The adults are brown with distinctive white boomerang-shaped marks near the margin of the forewing. The development time from neonate to adult at 26.7°C is 16.9 ± 1.3 d (n = 21). None of the individual insects were followed from egg deposition to adult, so the total developmental time was estimated. Total developmental time at 26.7°C should be 24-30 d based upon an egg stage of 9 d and the larval/adult times.
In oviposition studies, females laid an average of 146.6 ± 84.0 (2-233) eggs and 68.8 ± 24.3% of the eggs hatched. Female longevity averaged 6.9 ± 2.6 d (n = 12) compared with the male at 11.1 ± 2.2 d (n = 9).
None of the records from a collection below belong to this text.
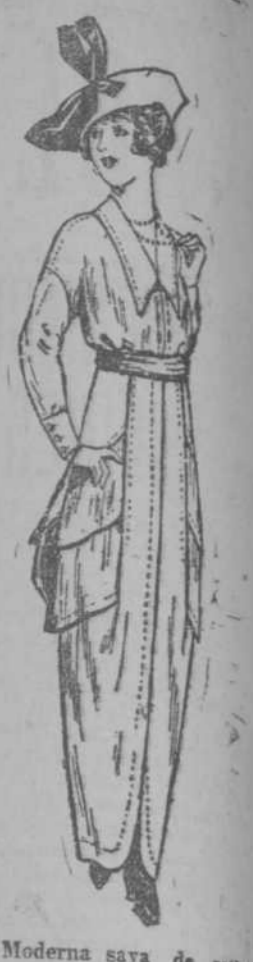
Moderna saya de ratón blanco $3.50.
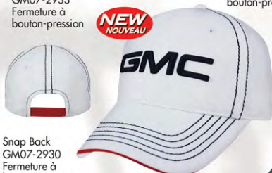
Snap Back GM07-2930 Fermeture à bouton-pression
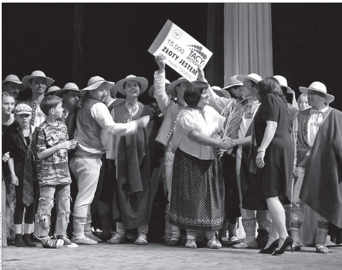
Zdjęcie z gali finałowej Tacy Jesteśmy 2010.
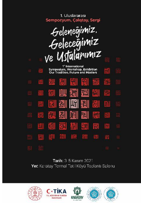
Resim 1 1. Uluslararası Geleneğimiz Geleceğimiz Ve Ustalarımız Sempozyumu Afişi

Necmettin Erbakan Üniversitesi (NEÜ) Güzel Sanatlar Fakültesi Geleneksel Türk Sanatları Bölümü tarafından düzenlenen 1. Uluslararası Geleneğimiz Geleceğimiz Ve Ustalarımız Sempozyumu 02 Kasım 2021 günü Fahri Doktora Takdim Töreni ile başlamıştır. 03-05 Kasım 2021 tarihleri arasında Sempozyum, Çalıştay ve Sergi olmak üzere, Konya Karatay Termal Köyü'nde yapılmıştır.
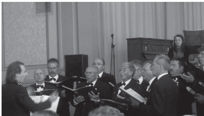
MGV Arion Saupersdorf
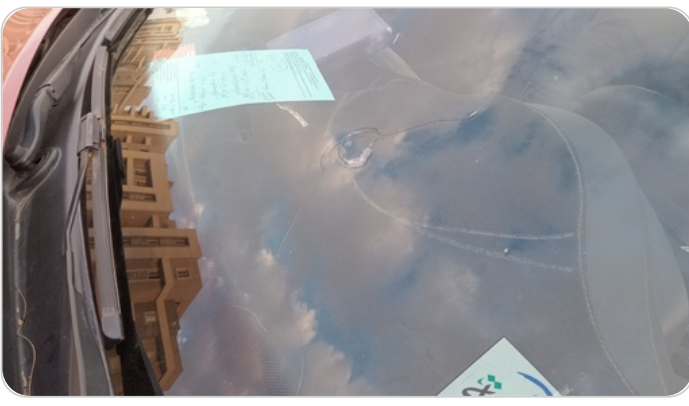
زجاج السيارة الأمامي : شروخ أو كسور
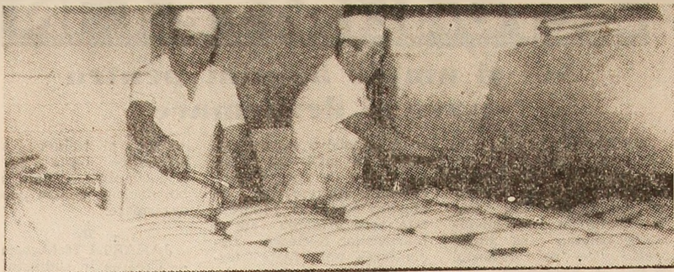
Fabrica de pâine din Lupeni, în plină activitate.
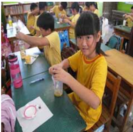
說明：學生親自操作－製作百香果汁。
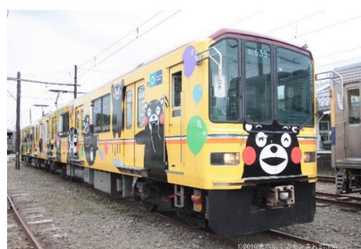
【熊本電鉄 01 形くまモンラッピング電車】

One female survived 24 h at -4°C without plant material or moisture. After removal from the freezer, the female survived 2 more d in a cage in the greenhouse.
Multi-choice Tests
The results of the multi-choice test with a companion control are presented in Table 2. There was no feeding on Actinostachys pennula (Swartz) Hooker and Ctenitis sloanei (Poeppig ex Sprengel) C.V. Morton. Feeding on Anemia adiantifolia (Linnaeus) Swartz was minimal, averaging 0.4 mm2. The 2 species of Tectaria were both attacked, but T. heracleifolia (Willdenow) L. Underwood suffered heavier damage than the related T. fimbriata (Willdenow) Proctor & Lourteig. However, the feeding on both species of Tectaria was slight when compared with the feeding on the control.
Females oviposited on bouquets of L. microphyllum in a sleeve cage in the greenhouse. Sixty six adults were produced in the first generation and 77 adults in the second generation.
Neomusotima fuscolinealis was eliminated as a potential biological control agent of L. japonicum because of its potential use of the rare native L. palmatum. Our studies demonstrated that the moth could complete its development on the plant for multiple generations.
Acknowledgments
The authors thank Yutaka Arita for identifying N. fuscolinealis and Akira Shimizu for collecting and shipping larvae and pupae to Florida, Gary Buckingham for help with experimental design and other technical advice, Min Rayamajhi for supplying Lygodium japonicum, and Luke Kasarjian for providing the other plants used in the study. We thank William Bennett for finding Lygodium palmatum and allowing us to collect the plants. This research was supported by the Florida Department of Environmental Protection.